Amelia Wade is a court reporter for the New Zealand Herald

All Blacks v France: $3m makes it TAB's biggest night

Richie McCaw celebrates the All Blacks win. Photo / Paul Estcourt
Richie McCaw celebrates the All Blacks win. Photo / Paul Estcourt

About $3 million was bet on last night's Rugby World Cup final - making it the biggest day for the TAB ever.

One TAB customer spent $40,000 on bets, placing $20,000 on the All Blacks to win 11-20, which was paying $2.85, and another $20,000 for them to win 11-30, which was paying $3.40.

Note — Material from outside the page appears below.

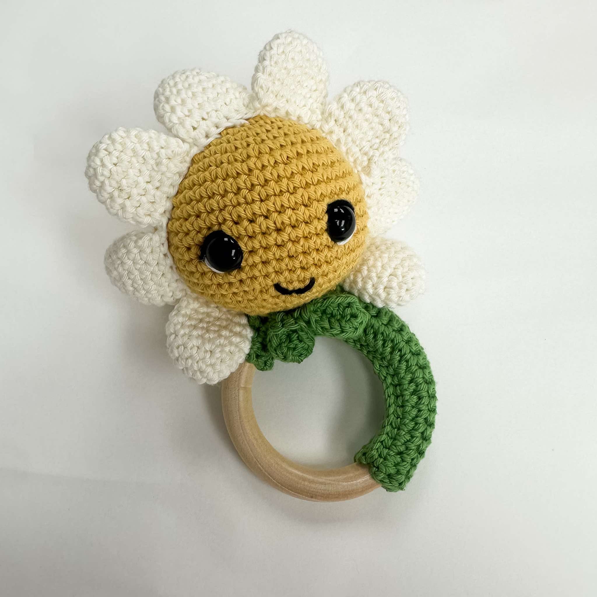 Introducing the adorable crochet daisy rattle, the perfect companion for your little ones!
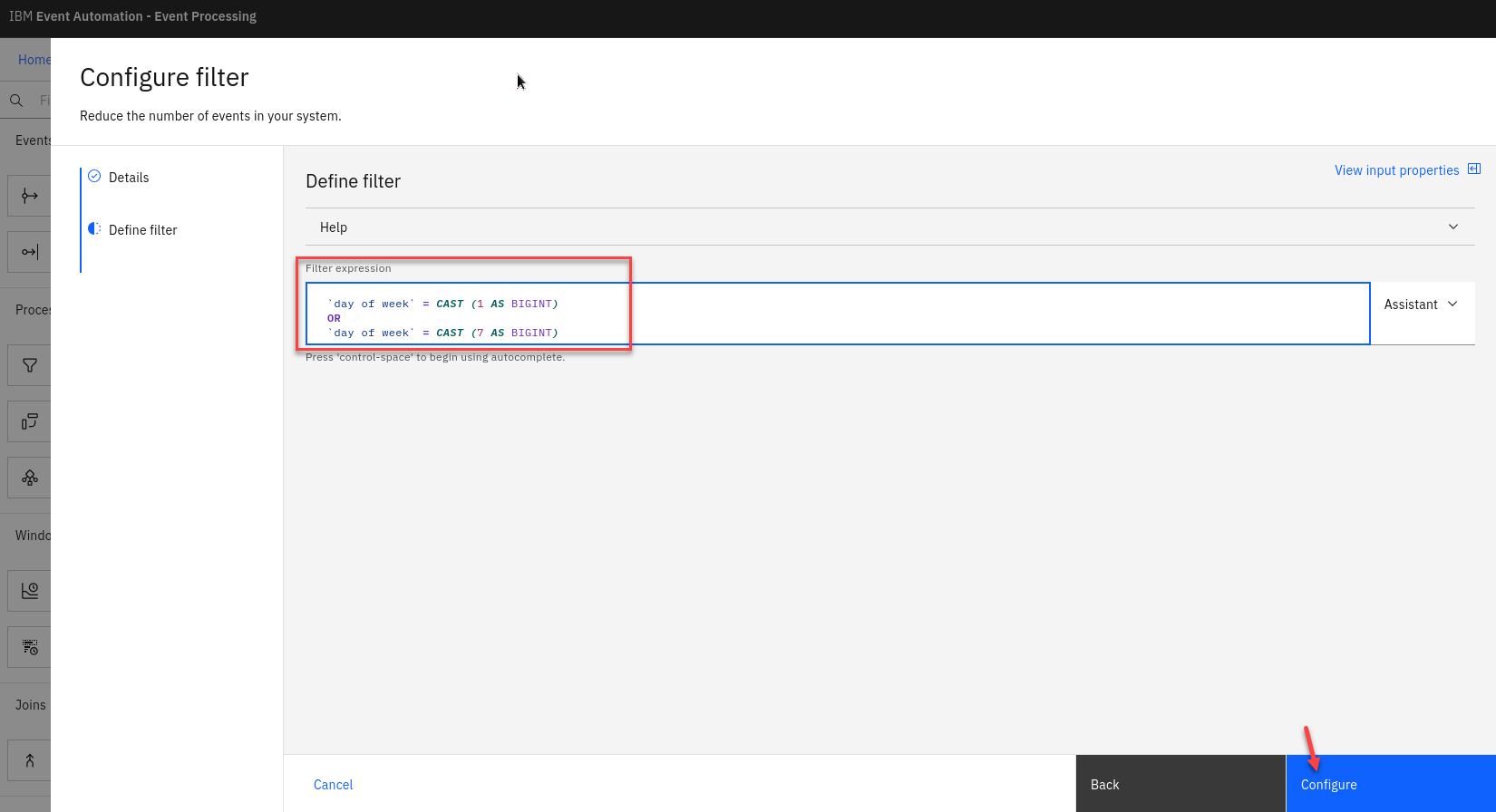 NOTE: Did you know? Including line breaks in your expressions can make them easier to read. Click Configure to finalize the filter.

Another punter had placed $50,000 on the first points to come from an All Black penalty. Piri Weepu missed the first chance at points - from a penalty.

TAB bookmaker Mark Stafford said the bets kept rolling in right up until the end of the match. By 8.30pm, he said they were about to hit $3 million turnover.

"It's just been astronomical," he said. "I think just about everyone in the country has $5 or $10 bets on something in the game."

The final was the biggest event in the betting agency's history and broke the previous recordholder, the David Tua-Lennox Lewis boxing match in 2000, on which the TAB took in $2.1 million.

"That's an 11-year record that's been broken. That's huge for us."

Mr Stafford said that while there had been a lot of bets in the thousands and many in the hundreds of dollars, the smaller $10 and $20 ones were the cause of the final being the highest-grossing event.

"All those littler ones add up and there's lots of people making those smaller ones."

Israel Dagg was the clear favourite to score the first try, Mr Stafford said.

In December, one dedicated All Black fan bet $70,000 New Zealand would make it to the final and win the Webb Ellis Cup. An All Black win would mean that person would double his or her money.

The TAB provided some creative options for its customers for a bit of fun, for example the odds of Piri Weepu getting more points than Grant Fox did in the 1987 final were at $3.25.

Last night, the betting agency was paying $1.09 for the All Blacks to take home the cup and $6.50 for France to win.